Court Opinion

ID: 9617043
Source: CourtListenerOpinion
Date Created: 2023-08-22 04:51:28.467341+00
Date Added: 2024-06-11T18:04:04.863502
License: Public Domain

Rosellini, J.
(dissenting) — The jury was told to consider all the instructions together. The instructions as a whole made it clear to them that the burden was on the State to prove every element of the crime beyond a reasonable doubt.

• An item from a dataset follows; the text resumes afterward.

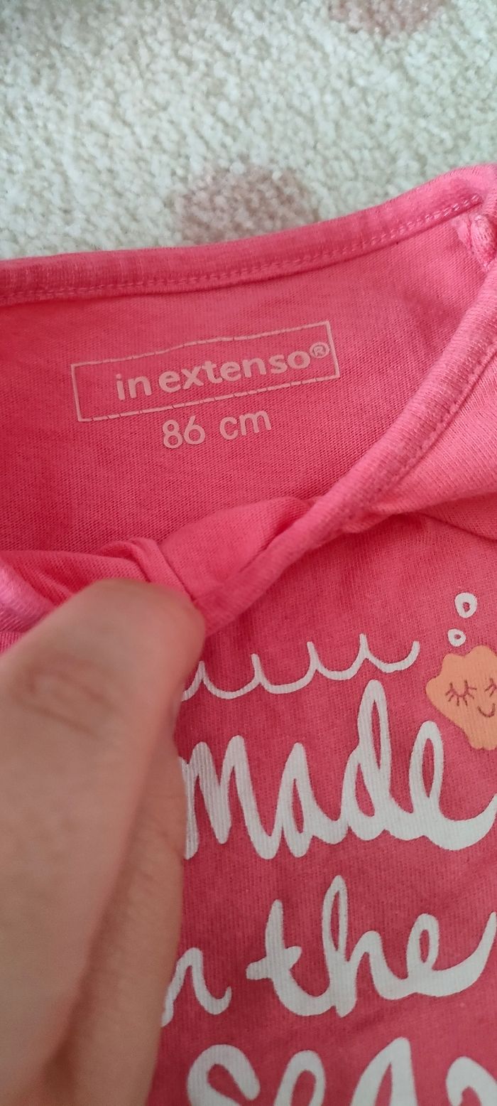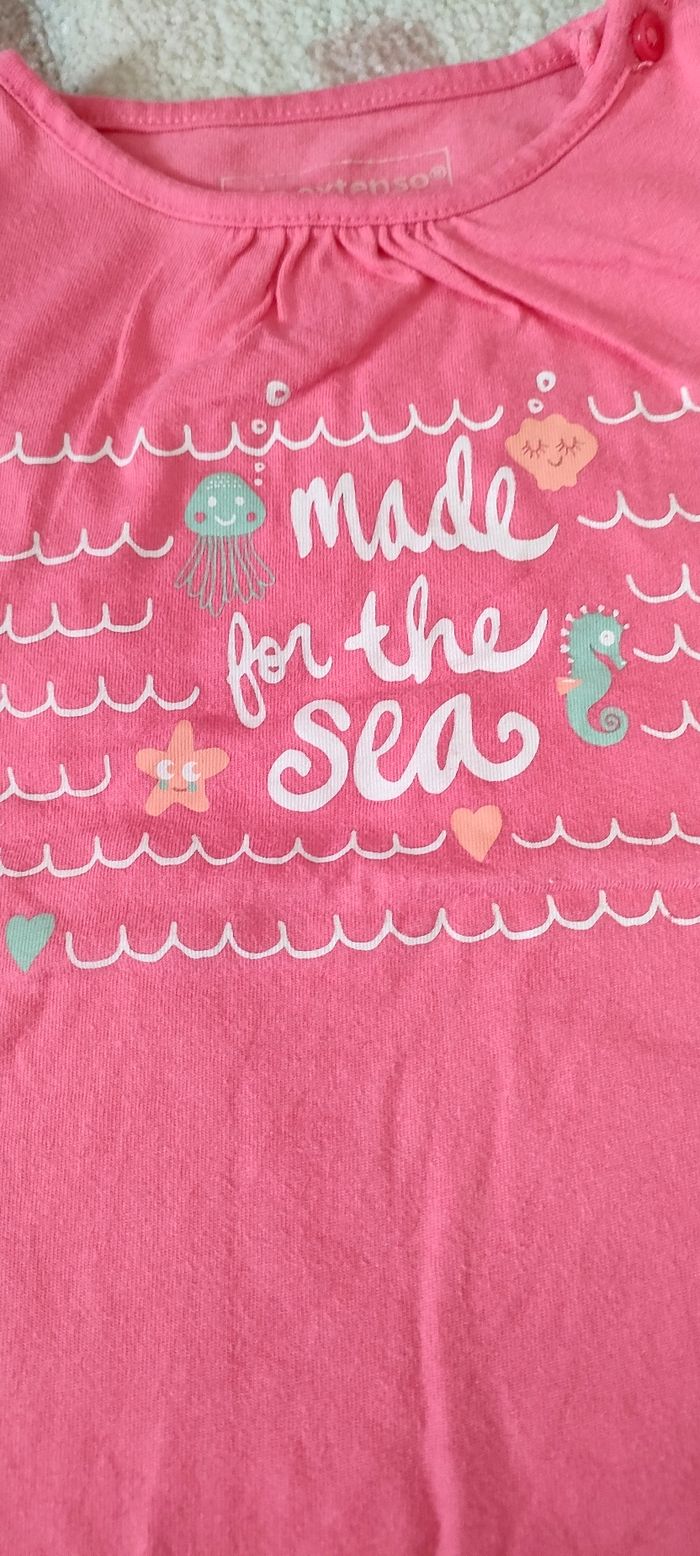 😻 Tee shirt bébé fille 😻 Manches courtes 😻 Thème "Mer" 😻 Marque In Extenso 😻 Taille 18 mois (86 cm) 😻 Très bon état général (il manque juste un bouton au niveau de l'épaule)

If the first sentence of the instruction objected to clouded that burden for a moment, the cloud was removed in the language of the remainder of the instruction, which made it plain that the presumption is rebuttable, and that the jury was to determine whether there was intent by examining all of the evidence.
The jury returned the only verdict supportable on the evidence. The majority's suggestion that in order to prove its case in chief the State must produce some evidence of intent to kill, in addition to that afforded by circumstances *621of the crime itself, is unfounded in principle or precedent. The jury is entitled to draw inferences from those circumstances. An inescapable inference in the absence of some exculpatory evidence is that a person intends the probable consequences of his acts.
I would hold that, if there was some error in not instructing on the defendant's burden of rebuttal, the error was harmless. It is wasteful to order a new trial since, assuming another reasonable jury is impaneled, such a trial is bound to produce the same result.
Stafford and Wright, JJ., concur with Rosellini, J.